Anointing the nation: how Joe Bidens Catholic faith permeated his inaugural address

Anointing the nation: how Joe Bidens Catholic faith permeated his inaugural address

According to Valerie Biden Owens – sister, best friend, and former political consultant to Joe Biden – her brother will “restore the soul of America”. In an interview reported by the Washington Post, she develops this idea:

“In America we often get the person that we need for the moment. We had Lincoln during the Civil War and FDR after the Depression. My brother is right for these challenges we face today. He knows how to heal. And Joe’s life is about healing and recovery – and that’s what we need as a country.”

This remark draws out a truth concerning the unwritten but essential role of the president of the United States: his person embodies the American nation and his word serves to maintain it or to restore it to its destiny.

As Robert Bellah demonstrated in his now classic article on the civil religion of the United States, the president literally expresses the sense of national identity. In line with this tradition, Joe Biden, through his victory and then inauguration addresses, immediately assumed his role as the national high priest. However, Biden has added his own personal touch – his Catholic spirituality – to this tradition, a surprising touch given the rather Protestant fabric of the American narrative.

American civil religion, biblical narrative and presidential words

The Christian and biblical inflection of the American national narrative runs deep throughout its successive chapters.

American scholarship on this subject is of course bountiful. But it is also a topic which has fascinated French writers since Alexis de Tocqueville and Gustave de Beaumont’s tour of the young nation in 1831-32. Today, Sébastien Fath has studied the concomitant rise of evangelicalism and the advance of secularisation in American society.
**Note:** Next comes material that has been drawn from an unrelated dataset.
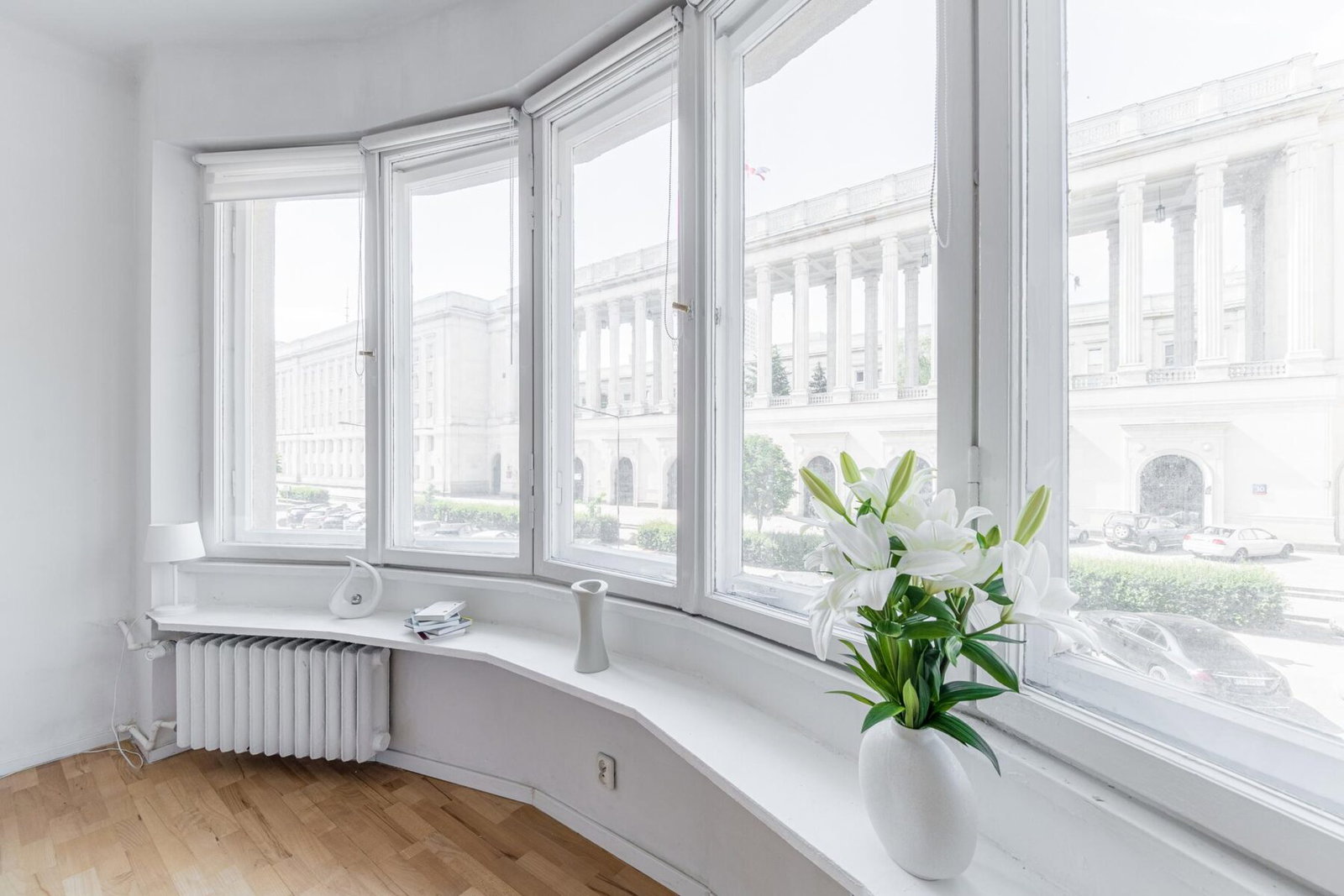 Kawalerka o niewielkiej powierzchni niespełna 22 m2, której niezwykły urok stanowi wykuszowe okno z widokiem na kolumnadę przy ul. Wspólnej w Warszawie.

Denis Lacorne offers a masterful synthesis of 300 years of church-state relations in his De la religion en Amérique (2007). Camille Froidevaux-Metterie, in Politique et Religion aux Etats-Unis (2009) also reminds us that American civil religion emerged from the strong ideals of British republicanism. Before this, the historian Elise Marienstras published two edifying books, Les Mythes fondateurs de la Nation américaine (1976) and Nous le Peuple: les origines du nationalisme américain (1988). Most recently, political scientists such as Mark Bennett McNaught and legal scholars such as Maxence Guillemin have continued to trace the defining characteristics of religion in American civic life, analyzing its enduring influence on jurisprudence and Constitutional interpretation.

In fact, the sacredness of the federal institutions of state, of the Union’s electoral calendar, its unwritten but immutable customs including that of presidential nomination, are based on a common reverence for the Constitution and the rights therein identified and guaranteed. But the mythology of this “holy” text exceeds its literal meaning. To focus on it, we must again read the Declaration of Independence and… presidential addresses.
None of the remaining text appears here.